What needs to be done: Begin at the line that holds "Our custom design" and copy each line exactly until the data below ends, including that last line but no pictures.

Material for this exercise below:

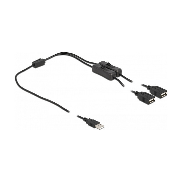 "DeLOCK Cable USB Type-A male to 2 x USB Type-A female with switch 1 m. Cable length: 1 m. Connector 1: USB A, Connector 2: 2 x USB A, USB version: USB 2.0, Product colour: Black"\n"This cable by Delock can be connected to a power source with USB Type-A port in order to supply power to up to two devices with USB Type-A plug. By using the on / off switch the power supply for the connected device can be switched on or off. Therefor it is not needed to remove the cable from the female port to switch off the power supply."
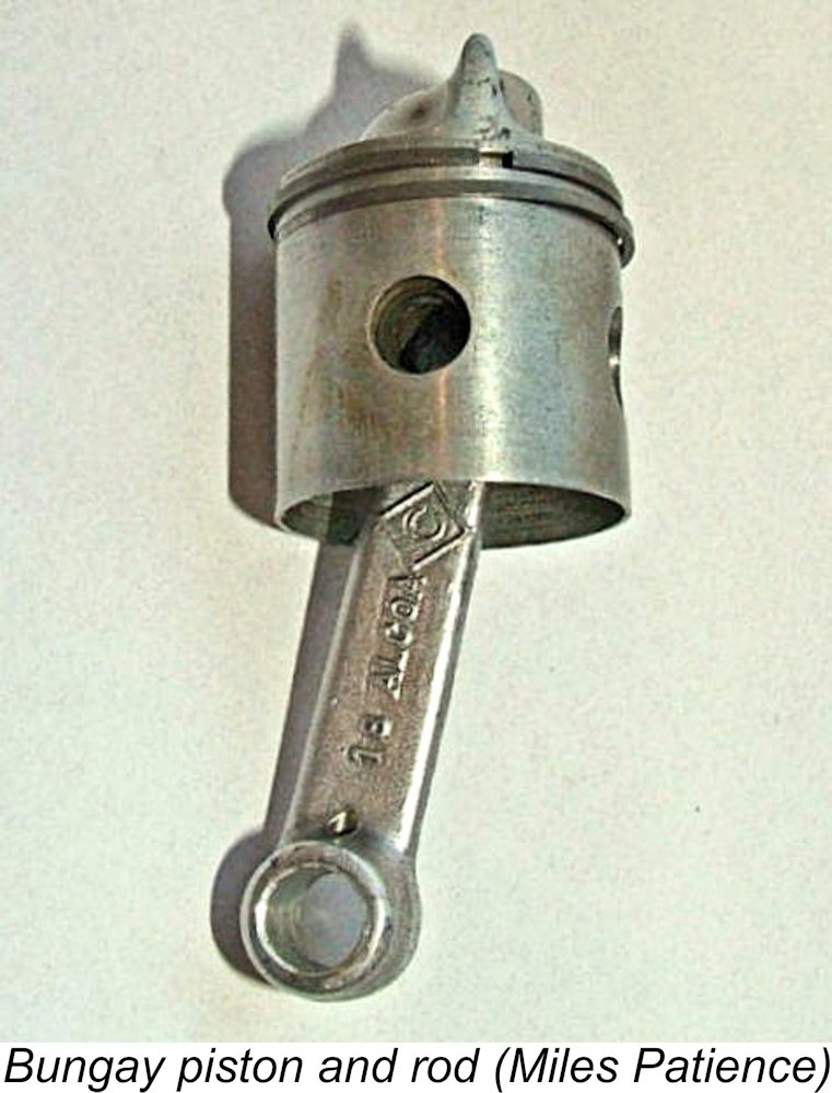 Ingram reported that the Bungay designers were very much aware of the desirability of reducing reciprocating weight to a minimum. To this end, the Bungay employed an unusually thin-walled piston which was cast using what the manufacturers claimed to be their "own exclusive process". The conrod was forged to minimal dimensions consistent with reliability. A relatively thin-walled lightweight gudgeon pin was featured. The rod featured an un-bushed big end bearing with an oil hole for lubrication. Ingram observed weight measurements taken on the Bungay piston/rod assembly against a similar measurement for another unidentified "typical" racing engine of the same displacement. Using the same scale, the Bungay assembly reportedly weighed 205 grains (13.28 gm) against the 290 grains (18.79 gm) of the other unit - a difference of some 29% in favour of the Bungay.
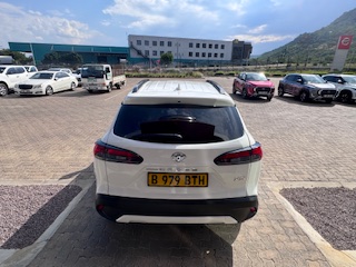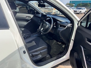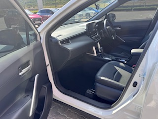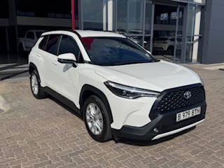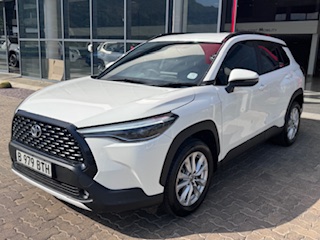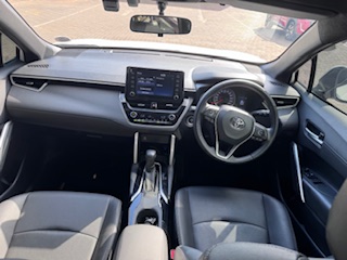 The 2023 Toyota Corolla Cross 1.8 XS (South Africa spec) features a 1.8L petrol engine (non-hybrid) with 103 kW 172 Nm, a CVT transmission, 17-inch wheels, standard safety (ABS, EBD, 5 airbags, stability control) with Smart Entry, Push Start, and multi-function steering, trimmed in black partial leather with cloth, offering convenience like auto air-con and electric windows
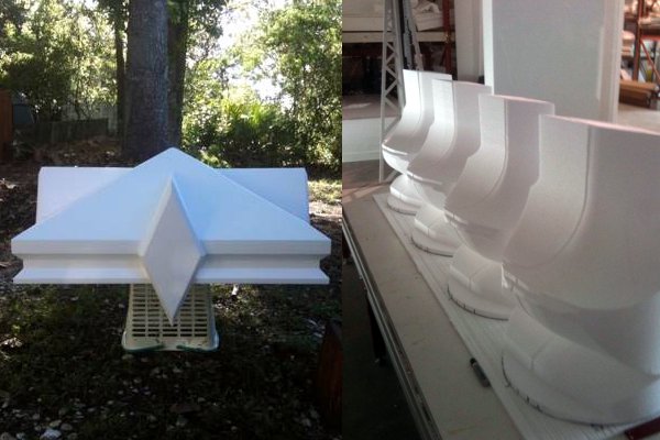 Our custom design foam can be cut and fabricated into molding, architectural accents, columns, caps, brackets, arches, balustrade railings, shutters, louvers, banding and more. We can even produce custom 3D commercial signs, murals, stage props and wedding sets. The possibilities are endless.
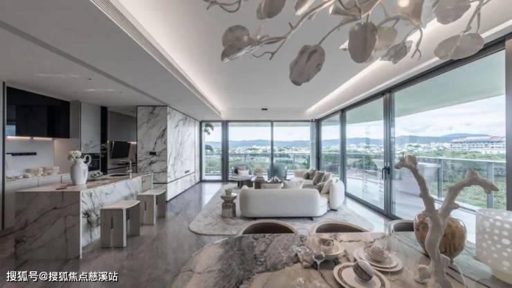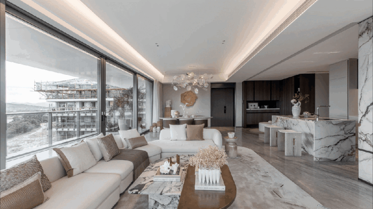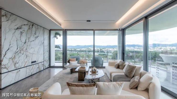 在建筑风格上,以“海洋灵动曲线”为设计语言,从海洋动态中汲取灵感,通过铝板与玻璃所呈现的横向柔美线条,打破固有审美,让建筑呈现出“云上花园之居,水上漂浮之所”的海洋灵动感。

End of Material for this exercise.

Answer to the exercise:
 Our custom design foam can be cut and fabricated into molding, architectural accents, columns, caps, brackets, arches, balustrade railings, shutters, louvers, banding and more. We can even produce custom 3D commercial signs, murals, stage props and wedding sets. The possibilities are endless.
 在建筑风格上,以“海洋灵动曲线”为设计语言,从海洋动态中汲取灵感,通过铝板与玻璃所呈现的横向柔美线条,打破固有审美,让建筑呈现出“云上花园之居,水上漂浮之所”的海洋灵动感。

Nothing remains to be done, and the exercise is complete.